— Working data —
┄┄┄┄┄┄┄┄┄┄

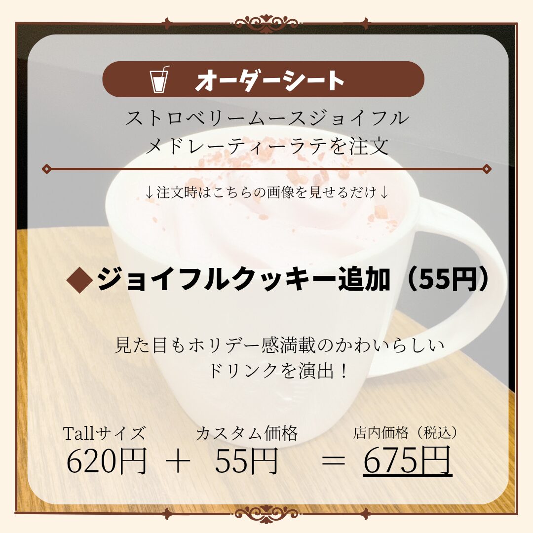 ストロベリームースジョイフルメドレーティーラテでできる無料カスタマイズは上記の通りです。
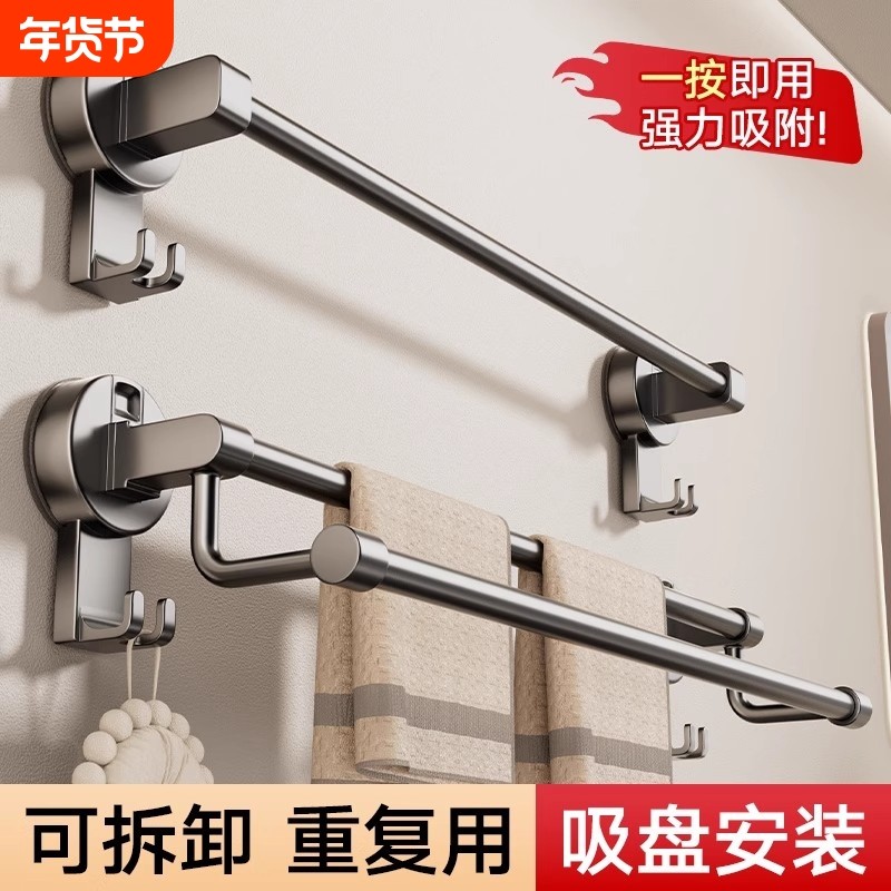 吸盘毛巾架子卫生间免打孔浴室毛巾拖鞋收纳挂架壁挂洗手间单双杆
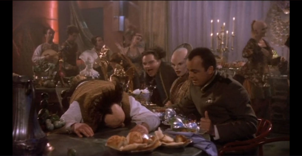 3) Kunnianhimo yltää kaikkeen muuhunkin. Vaikka tietty halpuus näkyykin varsinkin nykysilmin, sitä osataan kiertää hienosti. Hyvällä äänisuunnittelulla, kuvauksella ja leikkauksilla luodaan illuusio ruuhkaisesta ja vilkkaasta avaruusasemasta. Ei tarvita massiivista budjettia, kun apuna on elokuvan taika. Lavasteet ovat parhaimmillaan yllättävän kiinnostavia ja yksityiskohtaisia, puvustus samoin. Maskeeraus jaksaa yllättää yhäkin, koska niissä on riittämiin eloa ja joustoa, jotta näyttelijöiden mikroilmeetkin välittyvät. Erityisesti melkoisen maskin alta näyttelevän Andreas Katsulaksen ilmeikkyys jaksaa ällistyttää yhäkin. Miten hitossa niillä oli tähän kaikkeen aikaa ja varaa?!
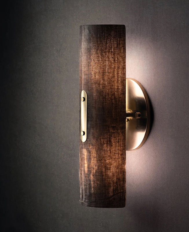 A Mutuus Made, Daro half-round sconce is created with hand-sanded linen micarta, giving the shade an eroded and weathered appearance.
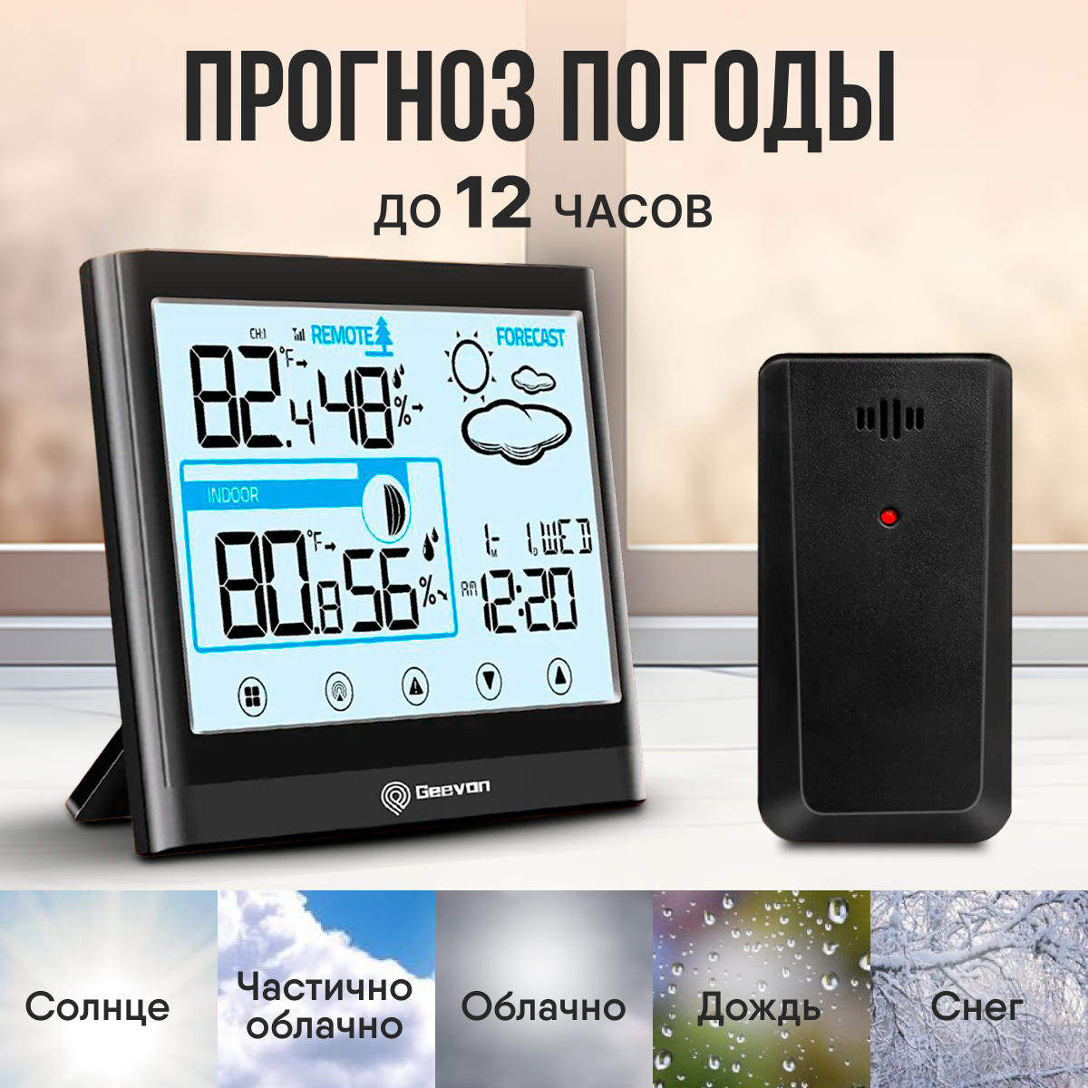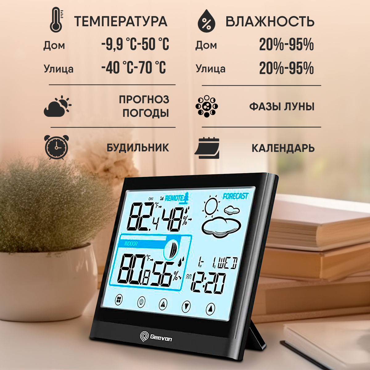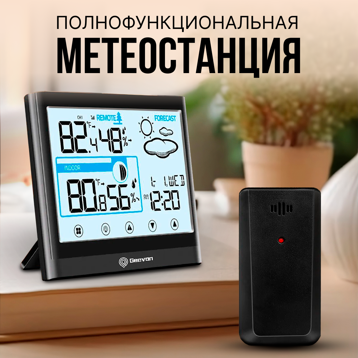 Многозонная метеостанция с беспроводным датчиком. Погода, термометр, влажность, настольные часы, будильник. интересное:
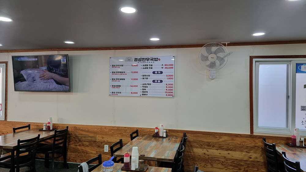 전날 엄청 과음을 한 것은 아니지만 그래도 아침은 챙겨 먹어야겠기에 숙소 근처에 갈만한 해장국집이 있는지 검색을 했다. 그러다 여기다 싶은 집을 찾아 갔는데 그곳은 옛날식으로 만든 좌식의 식당이었다. 아침부터 쭈그리고 앉는 것이 싫어 그냥 나오고 말았다. 숙박업소가 엄청 많은 동해시의 유명한 관광지이니 분명 갈만한 집이 있을 것이라 생각하고 차를 타고 동네를 돌았다. 그러다 이집을 발견했다. 비록 체인점이긴 하지만 뭔가 모를 포스가 느껴지는 소고기국밥집이었다. 이름은 경성한우국밥이라는 곳이다. 근처에 다른 선지해장국 집도 있었지만 이집이 더 끌려서 여기로 갔다.
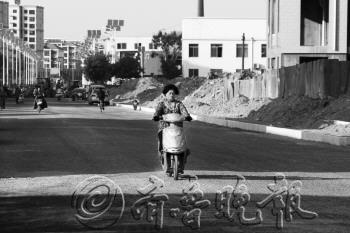 8日,胜利街修建工程接近尾声,市民可在平整的石子路面上骑车经过,现场停靠着铺设沥青的车辆。据了解,9日将开始铺设沥青,约两天后完工。 本报记者 王小会 摄
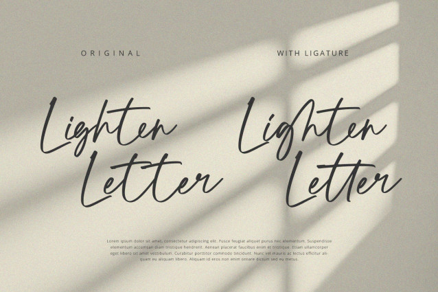 Lighten Script Font is a handwritten script font with chic and modern feels. It will be perfectly used for Branding, Logo Design, Lettering, Logotype, Clothing, Poster, magazine, packaging, posters, shopping bags, t-shirts, book covers, photography, special events and other design project.
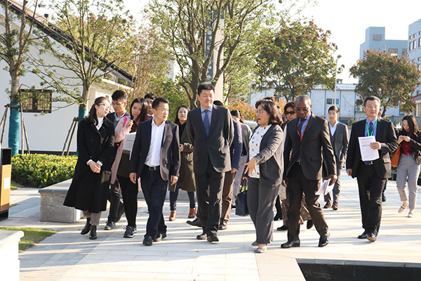 11月23日,聯(lián)合國亞洲及太平洋經(jīng)濟社會委員會(UNESCAP)宏觀經(jīng)濟政策和融資發(fā)展司司長Hamza Malik和聯(lián)合國非洲經(jīng)濟委員會(UNECA)能力發(fā)展司司長Stephen Karingi攜相關官員一行4人考察南翔下沉式再生水廠。財政部PPP中心副主任韓斌、上海市及嘉定區(qū)財政局相關領導陪同考察。中國水環(huán)境集團上海嘉定公司總經(jīng)理褚武越為中外來賓做項目介紹。
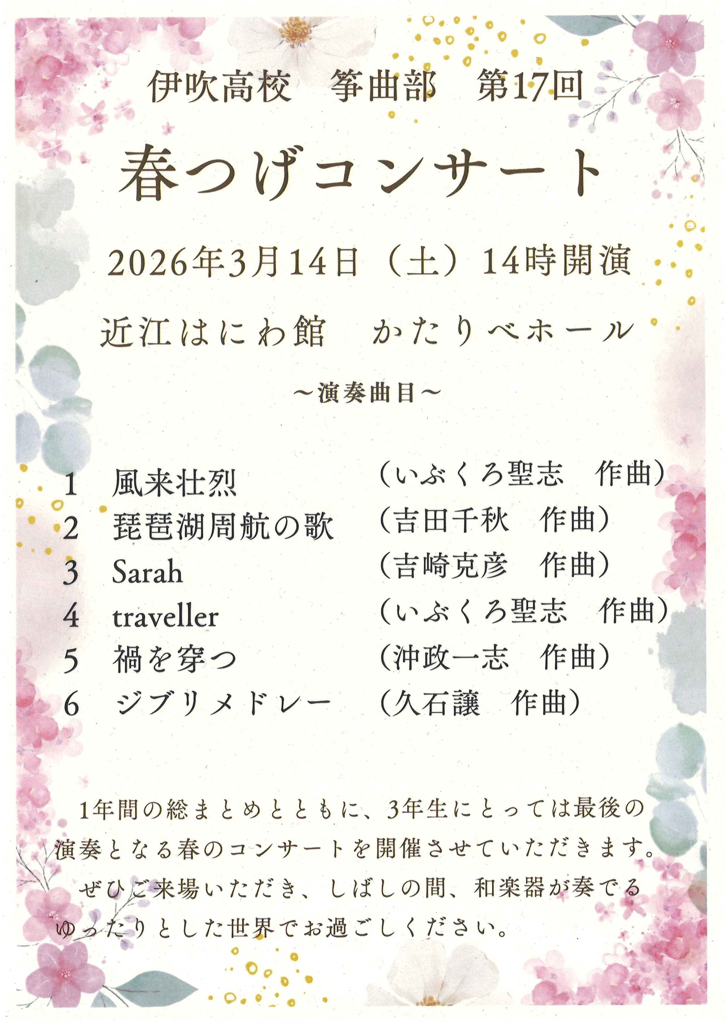 - 伊吹高校筝曲部第17回 春つげコンサート(近江図書館)

┄┄┄┄┄┄┄┄┄┄

Give again, exactly as written above, every line from the one holding "Многозонная метеостанция с" to the one holding "Lighten Script Font", with both ends kept and the pictures left out.

 Многозонная метеостанция с беспроводным датчиком. Погода, термометр, влажность, настольные часы, будильник. интересное:
 전날 엄청 과음을 한 것은 아니지만 그래도 아침은 챙겨 먹어야겠기에 숙소 근처에 갈만한 해장국집이 있는지 검색을 했다. 그러다 여기다 싶은 집을 찾아 갔는데 그곳은 옛날식으로 만든 좌식의 식당이었다. 아침부터 쭈그리고 앉는 것이 싫어 그냥 나오고 말았다. 숙박업소가 엄청 많은 동해시의 유명한 관광지이니 분명 갈만한 집이 있을 것이라 생각하고 차를 타고 동네를 돌았다. 그러다 이집을 발견했다. 비록 체인점이긴 하지만 뭔가 모를 포스가 느껴지는 소고기국밥집이었다. 이름은 경성한우국밥이라는 곳이다. 근처에 다른 선지해장국 집도 있었지만 이집이 더 끌려서 여기로 갔다.
 8日,胜利街修建工程接近尾声,市民可在平整的石子路面上骑车经过,现场停靠着铺设沥青的车辆。据了解,9日将开始铺设沥青,约两天后完工。 本报记者 王小会 摄
 Lighten Script Font is a handwritten script font with chic and modern feels. It will be perfectly used for Branding, Logo Design, Lettering, Logotype, Clothing, Poster, magazine, packaging, posters, shopping bags, t-shirts, book covers, photography, special events and other design project.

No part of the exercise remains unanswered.